Repeat the data in full and exactly. Leave the pictures out.

:: DATA EXCERPT ::
************

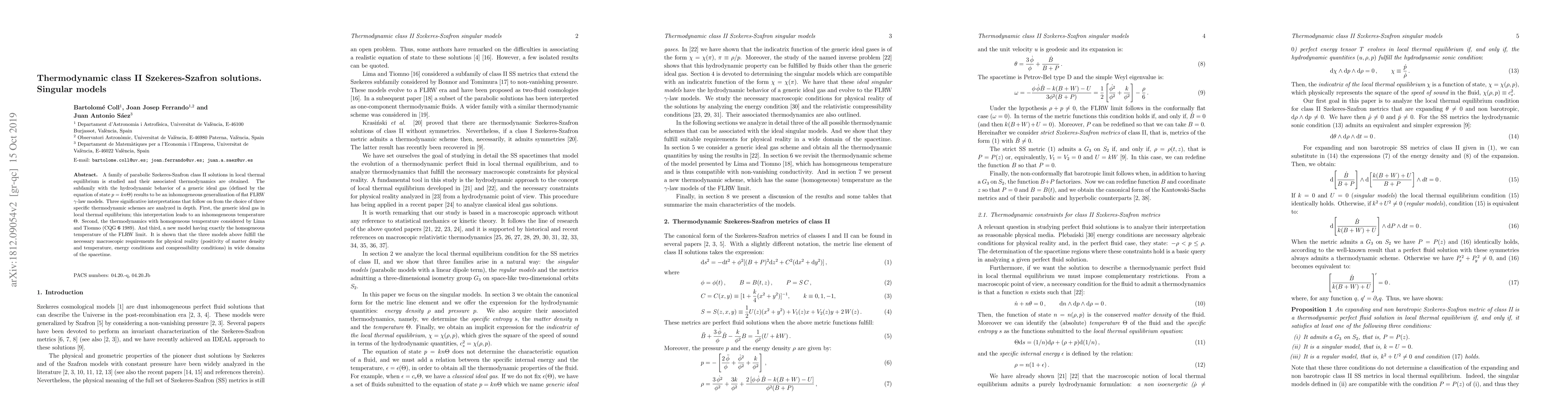 A family of parabolic Szekeres-Szafron class II solutions in local thermal equilibrium is studied and their associated thermodynamics are obtained. The subfamily with the hydrodynamic behavior of a generic ideal gas (defined by the equation of state $p = k n \Theta$) results to be an inhomogeneous generalization of flat FLRW $\gamma$-law models. Three significative interpretations that follow on from the choice of three specific thermodynamic schemes are analyzed in depth. First, the generic ideal gas in local thermal equilibrium; this interpretation leads to an inhomogeneous temperature $\Theta$. Second, the thermodynamics with homogeneous temperature considered by Lima and Tiomno (CQG 6 1989). And third, a new model having exactly the homogeneous temperature of the FLRW limit. It is shown that the three models above fulfill the necessary macroscopic requirements for physical reality (positivity of matter density and temperature, energy conditions and compressibility conditions) in wide domains of the spacetime.
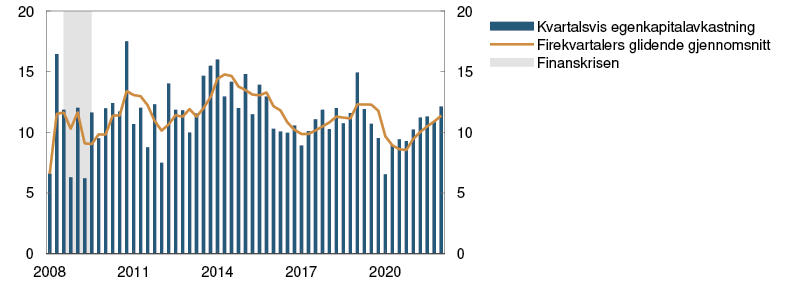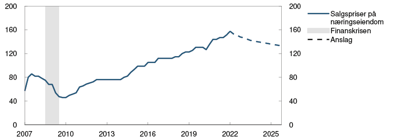 Veksten i kreditt og eiendomspriser avtok i løpet av fjoråret etter å ha vært høy under koronapandemien. I år har boligprisveksten igjen tiltatt, men veksten ventes å avta fremover. Veksten i næringseiendomsprisene har også tiltatt den siste tiden, men vi venter at prisene avtar noe fremover som følge av gradvis økende avkastningskrav. Avkastningskravet er imidlertid lavt, og en brå økning kan føre til et mer markert prisfall. Samlet sett er vurderingen av syklisk sårbarhet om lag som før pandemien.
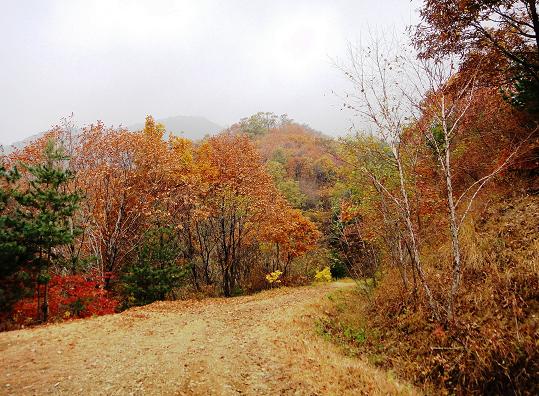 아름다운 아침고요수목원길을 한 시간 정도 일주하며 감상한 후, 우리는 축령산 속으로 빠져 들어갑니다. 축령산은 온통 울창한 원시림으로, 여기서 뿜어내는 산뜻한 기운은 우리의 지친 몸과 마음을 일거에 씻어내 줍니다. 이날 걷는 길은 축령산 아랫자락에 난, 잘 보존된 임도로 걷기에 아주 편한 길입니다.

************

:: RESULT ::
 A family of parabolic Szekeres-Szafron class II solutions in local thermal equilibrium is studied and their associated thermodynamics are obtained. The subfamily with the hydrodynamic behavior of a generic ideal gas (defined by the equation of state $p = k n \Theta$) results to be an inhomogeneous generalization of flat FLRW $\gamma$-law models. Three significative interpretations that follow on from the choice of three specific thermodynamic schemes are analyzed in depth. First, the generic ideal gas in local thermal equilibrium; this interpretation leads to an inhomogeneous temperature $\Theta$. Second, the thermodynamics with homogeneous temperature considered by Lima and Tiomno (CQG 6 1989). And third, a new model having exactly the homogeneous temperature of the FLRW limit. It is shown that the three models above fulfill the necessary macroscopic requirements for physical reality (positivity of matter density and temperature, energy conditions and compressibility conditions) in wide domains of the spacetime.
 Veksten i kreditt og eiendomspriser avtok i løpet av fjoråret etter å ha vært høy under koronapandemien. I år har boligprisveksten igjen tiltatt, men veksten ventes å avta fremover. Veksten i næringseiendomsprisene har også tiltatt den siste tiden, men vi venter at prisene avtar noe fremover som følge av gradvis økende avkastningskrav. Avkastningskravet er imidlertid lavt, og en brå økning kan føre til et mer markert prisfall. Samlet sett er vurderingen av syklisk sårbarhet om lag som før pandemien.
 아름다운 아침고요수목원길을 한 시간 정도 일주하며 감상한 후, 우리는 축령산 속으로 빠져 들어갑니다. 축령산은 온통 울창한 원시림으로, 여기서 뿜어내는 산뜻한 기운은 우리의 지친 몸과 마음을 일거에 씻어내 줍니다. 이날 걷는 길은 축령산 아랫자락에 난, 잘 보존된 임도로 걷기에 아주 편한 길입니다.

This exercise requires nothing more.